The Tar Heel State's unemployment rate since then has plunged, as people who were receiving benefits scrambled to find jobs or stopped looking for work. Employers report a flood of applicants.

But the experience in North Carolina has exposed two persistent problems dogging the workforce: many experienced workers are settling for lower-skill jobs, and a lack of skills is blocking many other workers from settling into an abundance of openings.
Many of the long-term unemployed have taken jobs for which they appear to be overqualified, based on experience or education, and some are piecing together multiple part-time jobs to fill the benefits gap.
At the same time, some employers say they face challenges finding the right people to fill openings.
The shifts in North Carolina have been dramatic since lawmakers in the state changed the law early last year to trim benefits by more than 30% and to include more work requirements.
That move disqualified North Carolina from extended federal unemployment benefits, which ended in July.
The jobless rate plummeted from 9.5% at the start of 2013 to 6.9% at the end, as 110,930 people left the labor force and overall employment rose by 13,414, according to data compiled by South by North Strategies Ltd., an economic- and social-policy research firm in Chapel Hill.
North Carolina Gov. Pat McCrory, a Republican, said there was great uncertainty over what would unfold when benefits in his state were curtailed. But his administration, he said in an interview, kept hearing from employers "saying people weren't taking jobs that were available."
"We made the decision, 'let's try something different, because whatever has been tried for the last three years wasn't working,' " Mr. McCrory said.
At Charlotte Works, a public-private partnership that tries to align job training with skills needed by local employers, Steve Partridge has seen the job scramble up close.
"Some people have jumped into employment, but they are clearly underemployed," said Mr. Partridge, the group's president. "You've got someone who has an associate's or bachelor's degree, and they are working at a retail store to make ends meet."
Eddrena Morris, 51 years old, was laid off from her marketing job in 2012 and lost her long-term unemployment benefits in July. She has some college credits and is working to get a degree in graphic design but said she took temporary work at conventions to earn some income.
She has applied for between 75 and 100 jobs in the past year, including one stocking shelves at a Wal-Mart store, she said, adding, "I didn't even get called."
Several employers, though, point to a misalignment between jobs and the necessary skills in a state that has struggled for decades to rebuild its labor force after heavy job losses in manufacturing, tobacco and textiles.
Kip Blakely, vice president of industry and government relations at Timco Aviation Services in Greensboro, said his airline-maintenance company is trying to fill roughly 75 jobs in the state, though the jobs almost always require extensive certification.
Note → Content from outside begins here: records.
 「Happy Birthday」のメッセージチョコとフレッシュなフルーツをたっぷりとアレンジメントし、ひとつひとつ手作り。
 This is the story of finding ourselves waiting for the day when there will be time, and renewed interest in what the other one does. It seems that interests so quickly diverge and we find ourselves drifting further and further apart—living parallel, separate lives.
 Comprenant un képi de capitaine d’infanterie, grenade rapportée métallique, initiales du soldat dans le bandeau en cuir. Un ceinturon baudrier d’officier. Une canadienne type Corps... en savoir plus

"It's not real practical when someone is unemployed, out of work and underemployed" to tell them to spend two years getting certification from a local community college, Mr. Blakely said.
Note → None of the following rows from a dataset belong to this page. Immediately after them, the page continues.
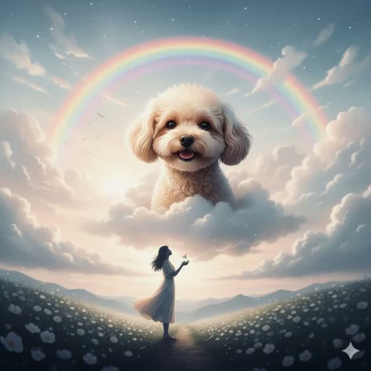 Soul ballad, slow tempo 80 bpm, emotional female vocal with warm and deep tone, piano-based arrangement with soulful electric guitar, soft drums and gospel-style backing vocals, gentle strings in background, expressing eternal love and farewell to a beloved dog named "Rai", cinematic and heartfelt atmosphere, blending R&B warmth with nostalgic Japanese melody, Japanese lyrics female vocal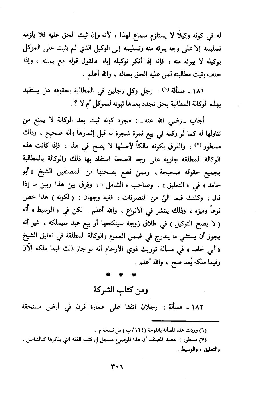 181 - مَسْأَلَة رجل وكل رجلَيْنِ فِي الْمُطَالبَة بحقوقه هَل يَسْتَفِيد بِهَذِهِ الْوكَالَة الْمُطَالبَة بِحَق تجدّد بعْدهَا ثُبُوته للْمُوكل أم لَا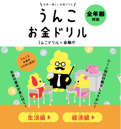 累計950万部を突破した「うんこドリル」シリーズの人気キャラ・うんこ先生や「うんこ」にまつわるシュールなイラストが登場する“笑いながら学べる動画”。金融庁YouTubeチャンネルにてご覧いただけます。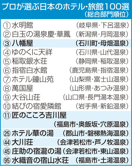 旅行新聞新社(東京都)が12日までに発表した「第51回プロが選ぶ日本のホテル・旅館100選」で、八幡屋(福島県石川町・母畑温泉)が総合3位に選ばれた。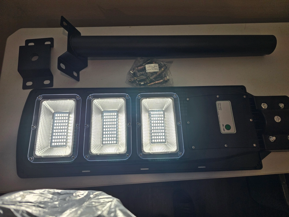 Outdoor solar light. Three LED panels. Includes mounting pole and hardware. Never used.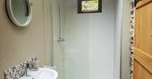 - Bathroom with a large walk-in shower, sink and flushing toilet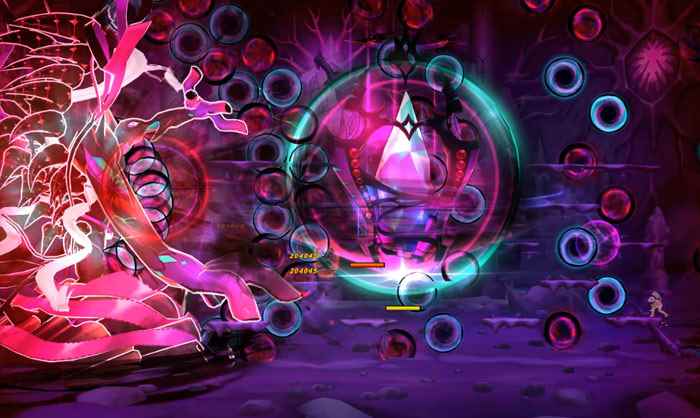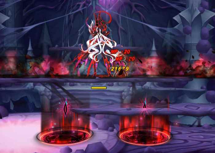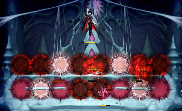 第3关卡的场景是阶梯式舞台,比较考验玩家的跳跃和操作能力。该关卡镇守的BOSS“深渊之王”,听上去就是很可怕的一位大人物。他主要在舞台的两侧进行攻击,除了发射射线和爆炸球这种基本攻击之外,还可以发射大量的能量球进行大面积的攻击。该关卡有个与众不同的地方在于独特的F4设置,需要玩家运用F4不同模式来应对BOSS,挑战十足,考验冒险家实力的时候到咯!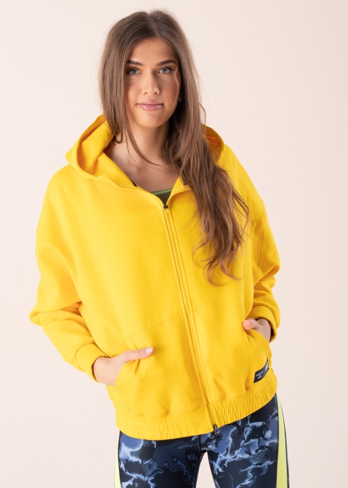 Priecīga, saulaini dzeltena SuperDry zīmola sporta jaka ar trapeces veida piegriezumu, priekšā ir parocīgs rāvējslēdzējs un, ja nepieciešams galvu sargā ērta kapuce. Sānos jaukas kabatas, no kurām atvērtas kabatas un to iekšpusē ir kabata ar rāvējslēdzēju. Piedurkņu galos un apakšmalā ērti plata gumija, kas cieši uztur jaku ap ķermeni. Modeles augums 178 cm, valkā S izmēru.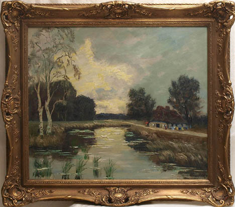 Nächtliche, norddeutsche Landschaft. Im Vordergrund ein einsames, reetgedecktes Haus an einem schilfgesäumten Weiher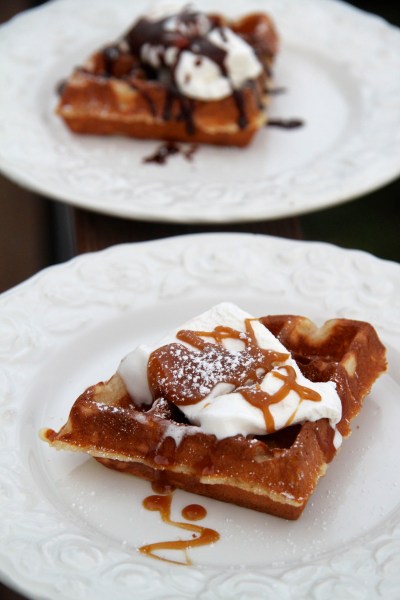 Ég notaði hér um bil sömu uppskrift og ég nota fyrir venjulegar vöfflur en notaði meira smjör. Vöfflurnar urðu rosalega góðar og í raun ekkert líkar þeim sem bakaðar eru í vöfflujárni. Bragðið var það sama en áferðin allt önnur. Þær eru töluvert þykkari og minna á belgískar vöflur. Með því að baka vöfflurnar í þessum formum verða þær stökkar að utan og mjúkar og djúsí að innan. Vöfflurnar slógu algjörlega í gegn hjá öllum börnunum fimm sem sögðu öll sem eitt að þessar vöfflur væru mikið betri en hefðbundnar vöfflur. Ég verð að vera sammála þeim, þetta voru dásamlega góðar vöfflur og afskaplega auðvelt að baka þær. Ég er strax farin að upphugsa fleiri leiðir til þess að nota þessi form. Spenntust er ég fyrir því að prófa að baka brownies í formunum. Það yrði örugglega dúndur eftirréttur sem væri gaman að skreyta og bera fallega fram. Einnig væri sniðugt að nota gerdeig eins og notað er í belgískar vöfflur og gera ósætar vöfflur með kannski beikoni, ostum eða einhverju slíku. Möguleikarnir eru býsna margir!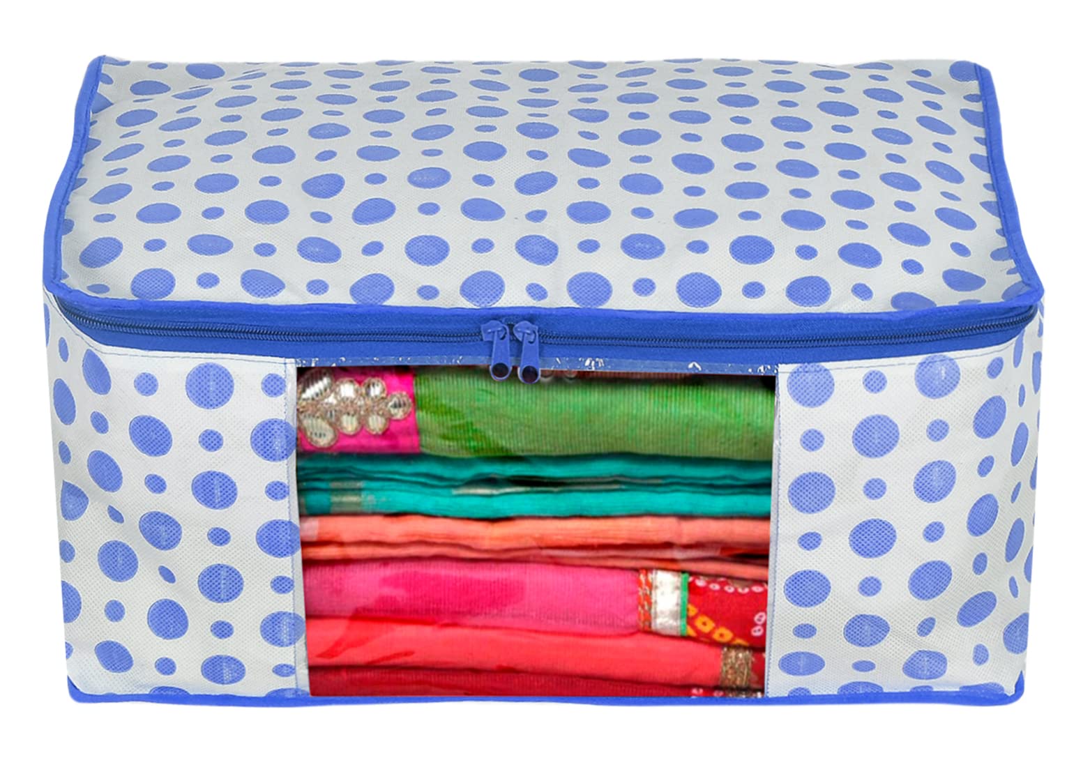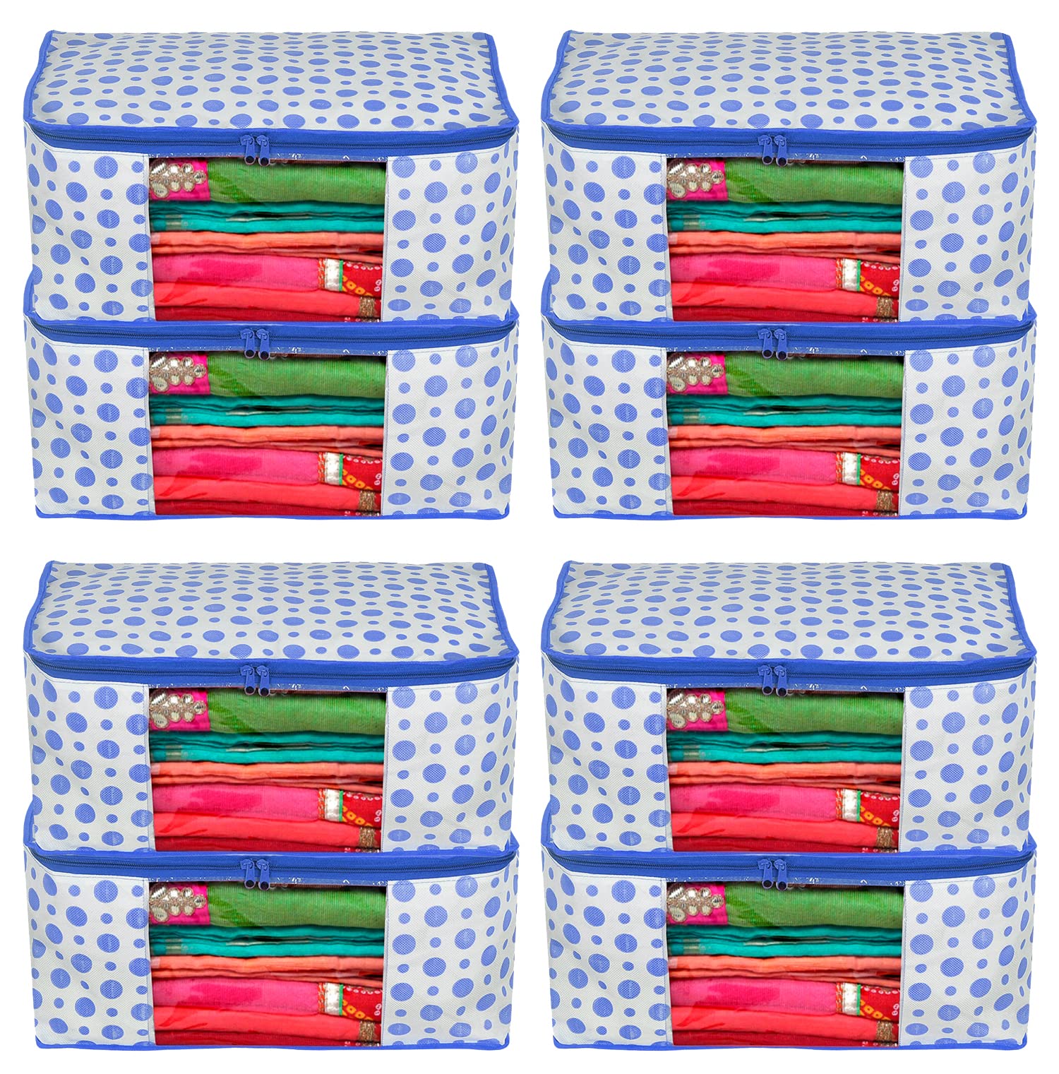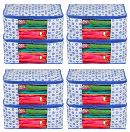 Kuber Industries Dot Printed Non-Woven Saree Cover, Cloth Organizer, Wardrobe Organiser With Tranasparent Window- Pack of 8 (Blue)-46KM0500

At the same time, competition for lower-skill jobs has been intense.
David Burleson, superintendent of the school district in Avery County, in the western part of the state, said dozens of people recently applied for a single job that paid between $20,000 and $22,000 annually, a trend he says has intensified in the past six months.
"When we post a clerical position, especially those positions that have limited skills, we just are flooded," Mr. Burleson said. "We have tried to figure out ways to reduce the number of eligible people by including some skill tests, because interviewing that many people really drains your staff."
The skills gap is something that Democrats and Republicans are weighing as they try to continue to address the elevated unemployment rate across the nation.
Mr. McCrory said it was going to be a particular focus in North Carolina, and the White House is reviewing all federal job-training programs to see if there is a better way to avoid duplication and more closely align training with job demand.
How closely—and quickly—the politics align with economics could determine whether policy can be effective in tackling long-term unemployment.